Impact of violence on childhood development

I think that when the suffering of neighbours and nation no longer powerfully resonates, our integrity as a nation is at risk.

Specifically, when threats of dismemberment and shootouts – events that cause real people to die – don’t stop a city in its tracks, then what we’ve got are depersonalised cities. Walking the streets today can be an empty experience, with everyone tuned in to their own device, learning about what’s happening digitally, without having to get involved. Without really caring what happens to others.

But we really should care.

What will the long-term effects of Mexico’s high violence levels be on children? Alan Ortega/Reuters

In 2011, the United States undertook a national study about the impacts of violence on children. Among the conclusions:

exposure to community violence is among the most detrimental experiences children can have, impacting how they think, feel and act.

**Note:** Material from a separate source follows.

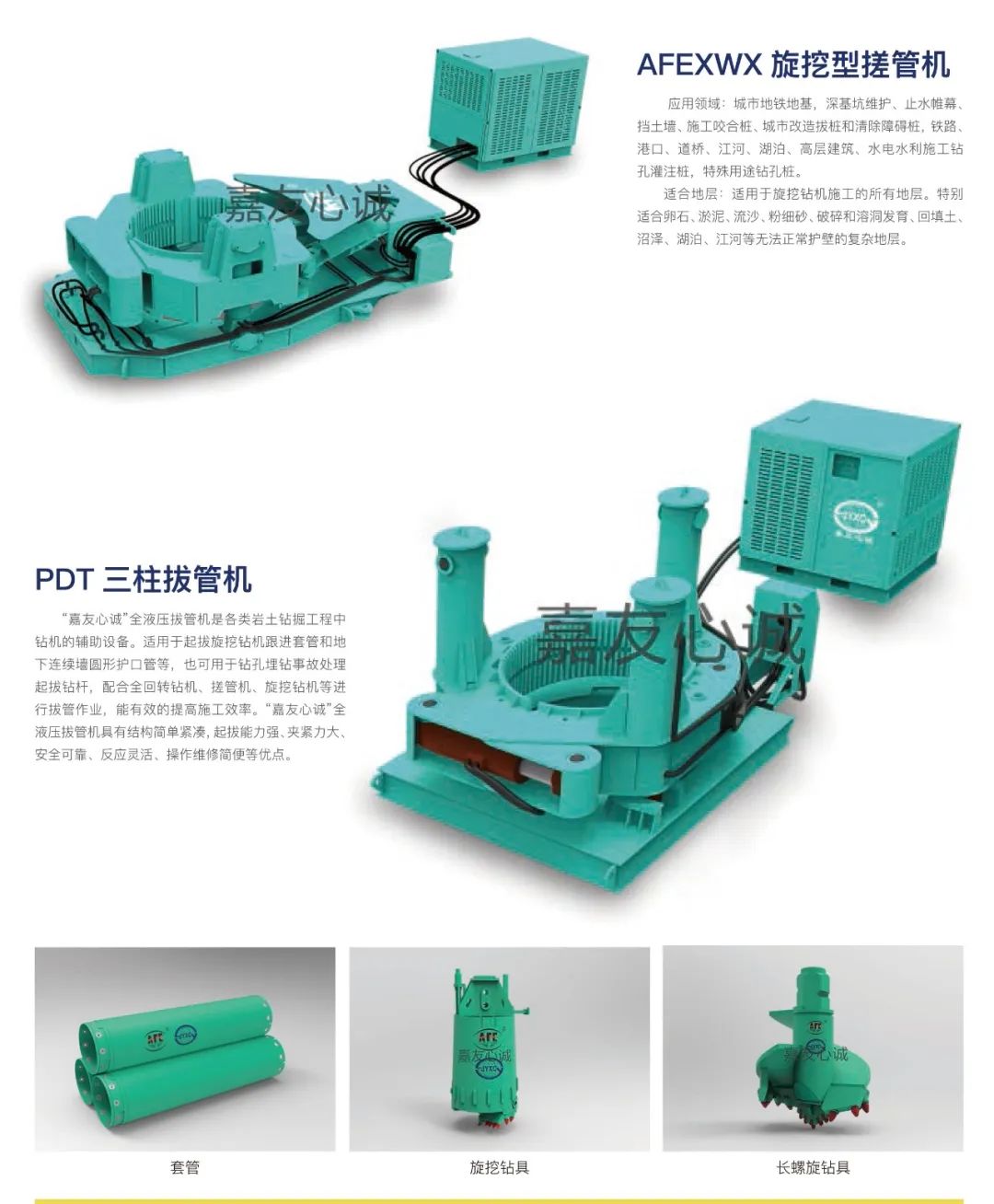 北京嘉友心诚工贸有限公司成立于 2006 年,是家专业从事特种桩基础、地基及深基础钻机、矿业勘探及开采设备及其配套钻具钻杆、附属件设计、制造、贸易于一体的高科技企业,产品涵盖基础施工、深基坑处理、地质勘查、矿业勘探等领域。公司生产制造的各种设备和器具已形成产业化、系列化,具备成批配套供应能力。主要产品有全液压搓管钻机、全液压回转套管钻机、锚杆钻机、截桩机、拔管机、孔底动力马达、旋挖钻具、长螺旋钻具、正反循环钻具、全套管 (跟进护筒) 、钻进泥浆材料及设备、环保及废水处理设备系列斗齿、截齿和各种切削具等。

I’ve found no such studies from Mexico. It would be interesting to evaluate the impact of banality of violence here. How are children responding? What are their perceptions of their parents’ indifference to what’s happening around them?

What is logical to think – or indeed, to fear – is that kids, being kids, will imitate what they see. They’ll play at being adults, being narcos, at dismembering. We’re already seeing the signs in the case of Ponchis, the 13-year-old assassin, who confessed to at least ten homicides and was murdered shortly thereafter: one child’s terrifying response to his violent world.

To find an alternative to this destructive trend – and here once again I return to Arendt – we’d have to engage each other in debate, propose different forms of living together and new ways to do politics as a populace. Quite simply, we’d have to get involved.